Oil & Gas Development Company Limited team

Personnel
- Owner: Oil & Gas Development Company
- Official website: ogdcl.com/corporate-social-responsibility/sports

= Oil & Gas Development Company Limited cricket team =

Pakistani cricket team

The Oil & Gas Development Company Limited cricket team, usually shortened to Oil & Gas or OGDCL, is a Pakistani cricket team sponsored by the Oil & Gas Development Company, a state-owned company with its headquarters in Islamabad.

Beginning with the 2024–25 season, OGDCL participates in Pakistan's first-class and List A competitions. OGDCL and Eshaal Associates qualified for promotion to the 2024–25 President's Trophy by reaching the final of the President's Trophy Grade-II, which OGDCL won, in June 2024.
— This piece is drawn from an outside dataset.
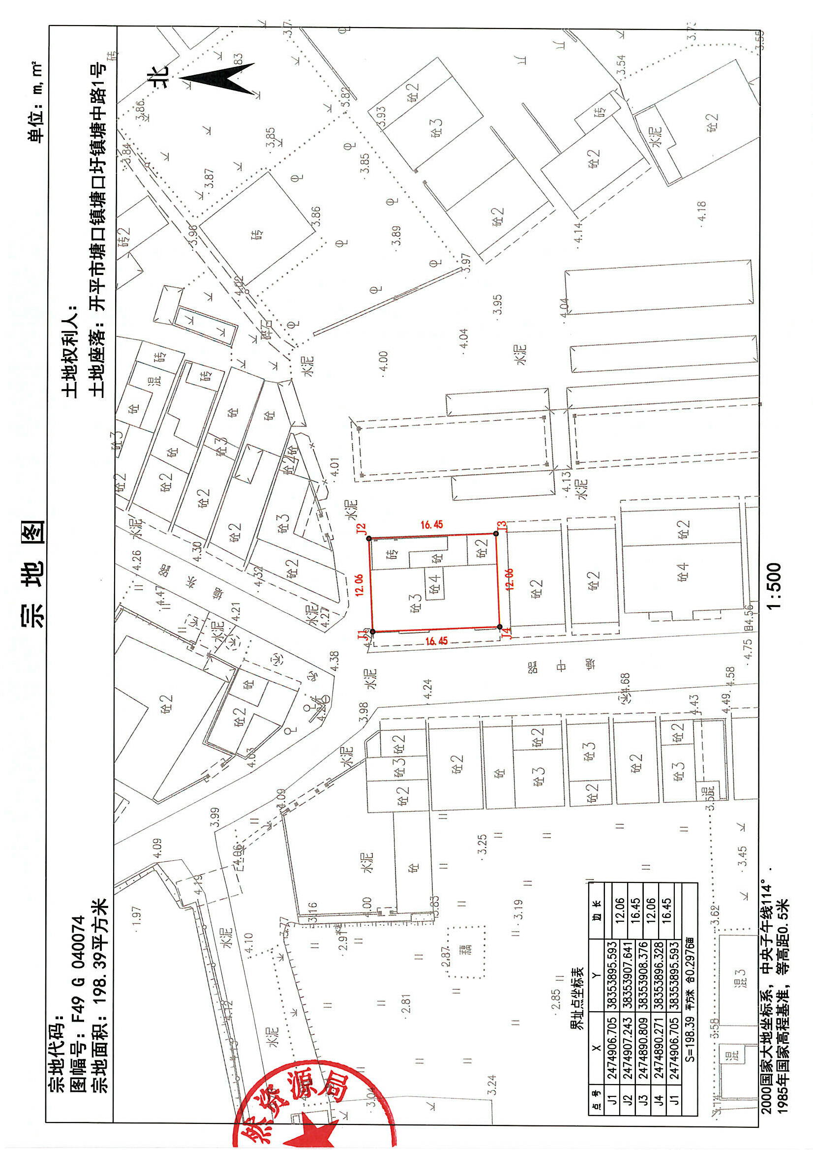 1992年办理土地登记,土地登记面积为 198.39 平方米(具体位置详见宗地图)。若有单位或个人对该宗不动产权属存在异议,请于公告发布之日起15个工作日内(2024年 3 月 22
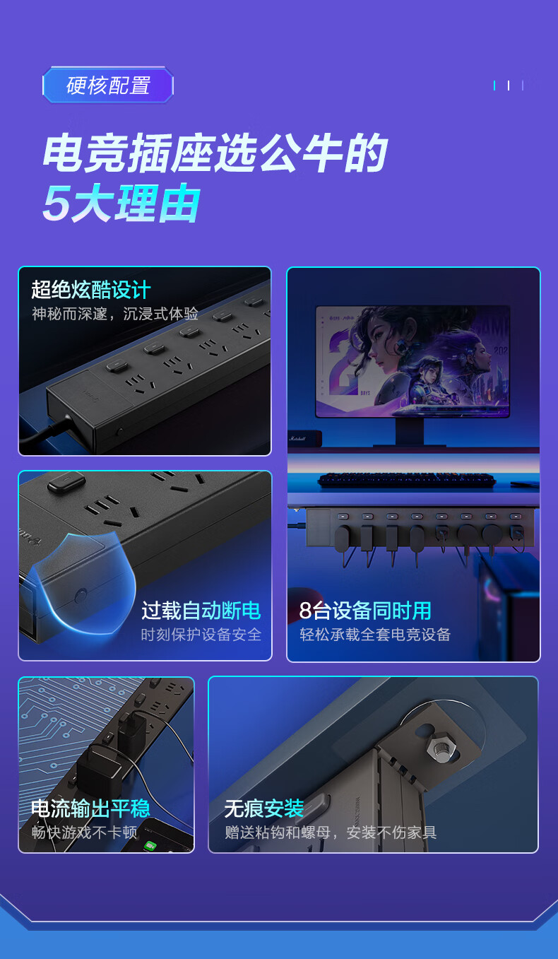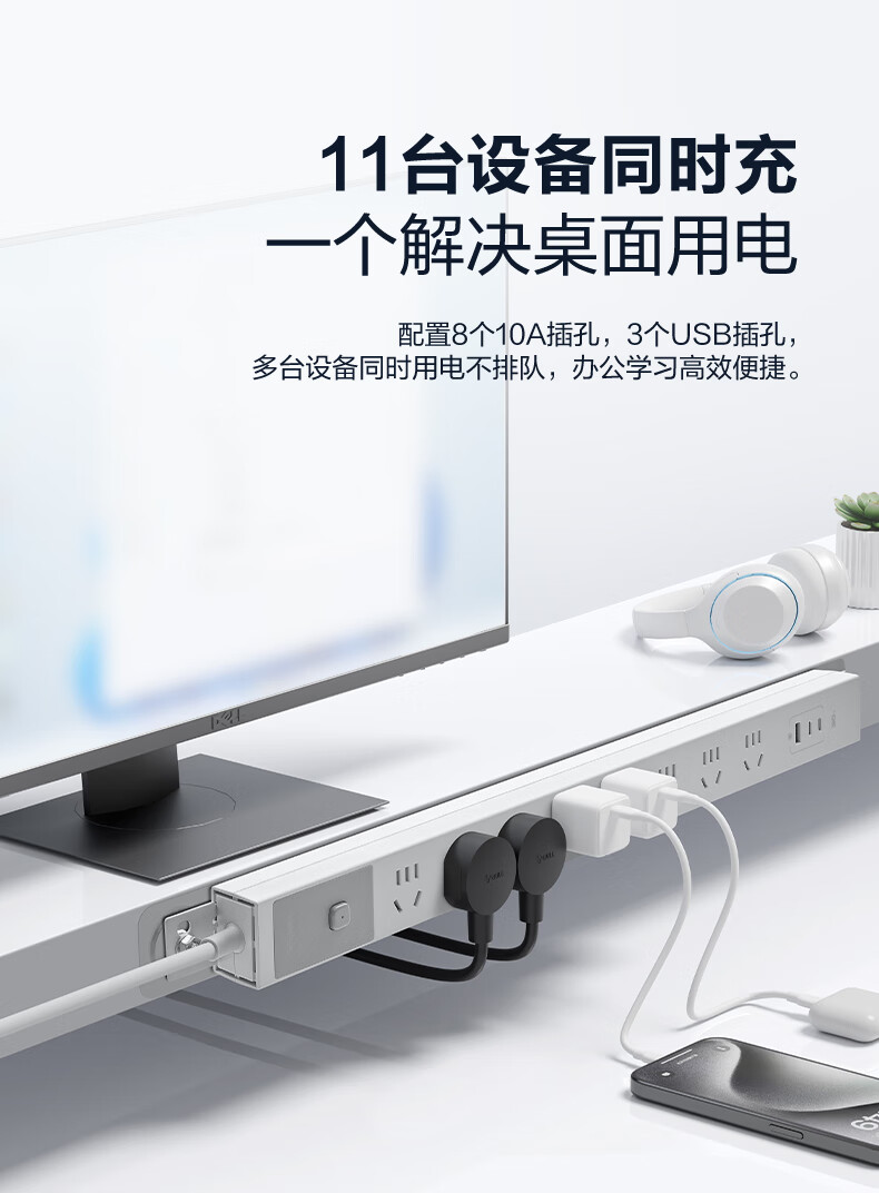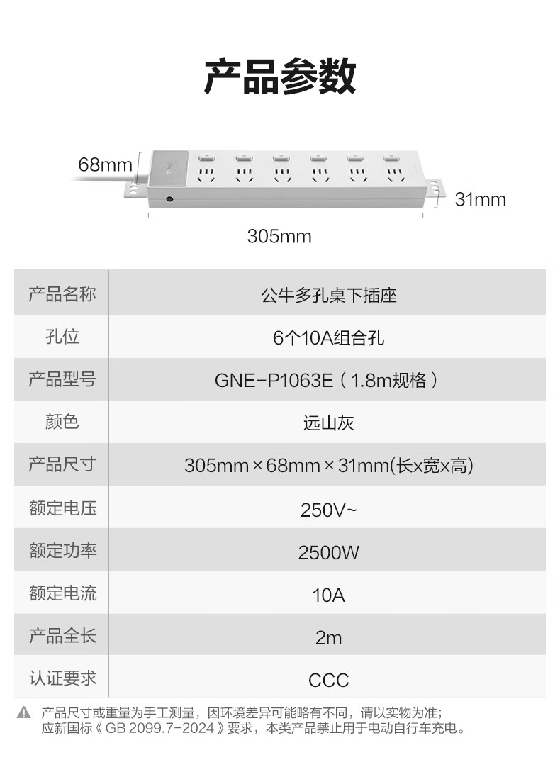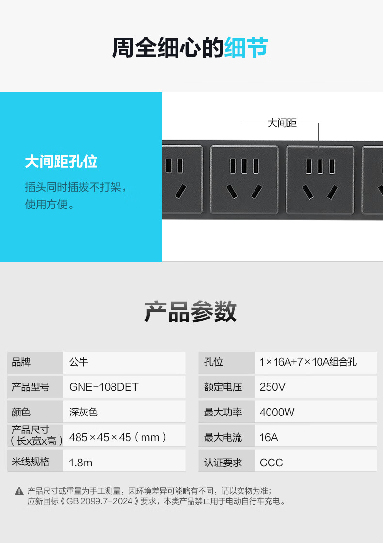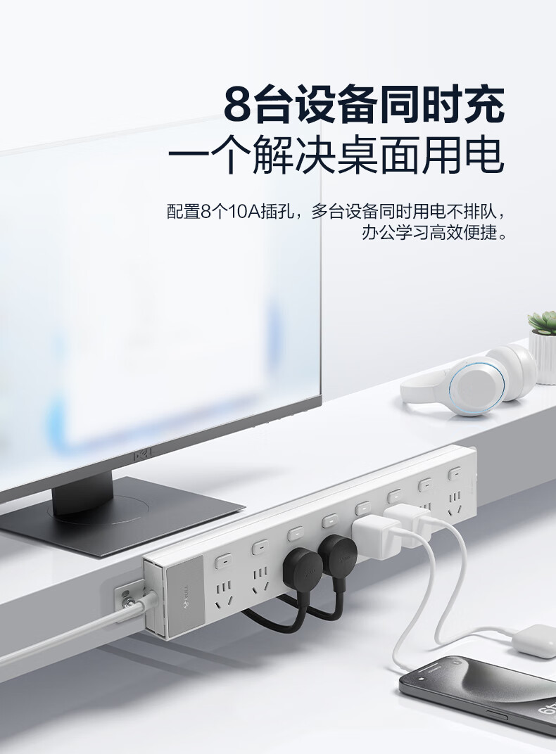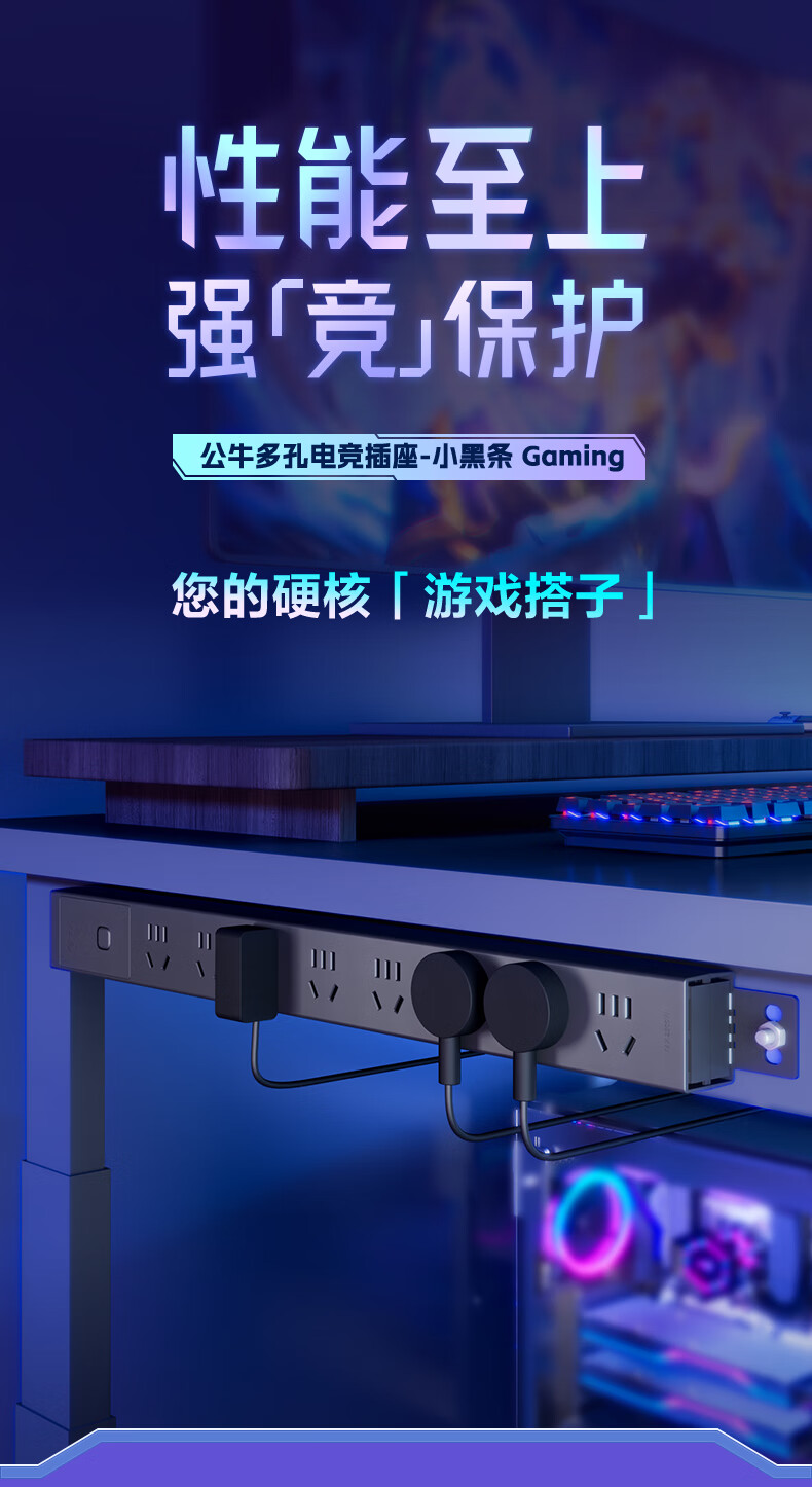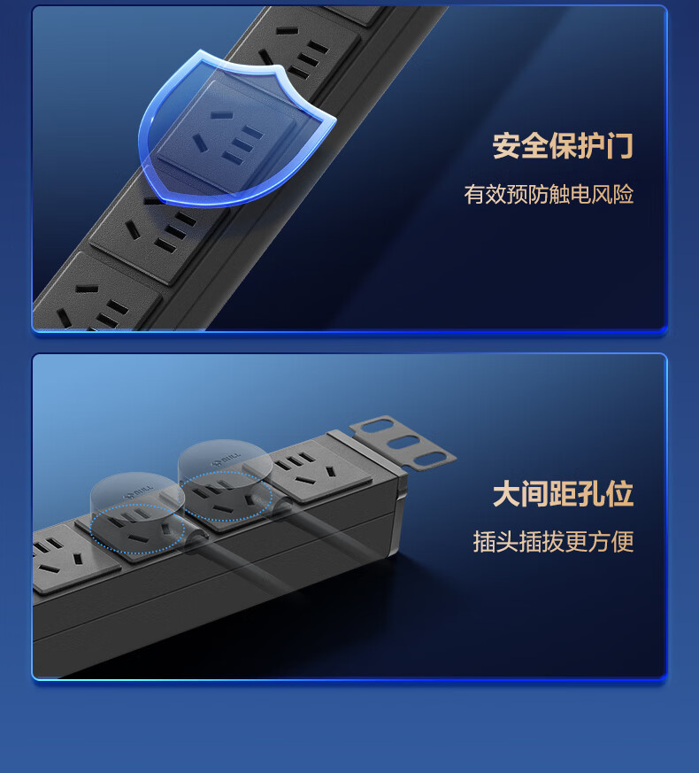 Bull (BULL) PDU desktop gaming cabinet socket/strip board/socket strip/strip strip/socket strip/pull line board 10A eight-bit master control overload protection 1.8 meters P108E

Captained by Adil Amin, OGDCL won their inaugural first-class match in the 2024–25 President's Trophy, beating State Bank of Pakistan by 128 runs. Amin made the team's first first-class century, with 117 not out in the second innings. In their third match, when they defeated Water and Power Development Authority, Asif Afridi took the team's first five-wicket haul, 6 for 52. They finished the tournament in fourth position, with five wins from their eight matches.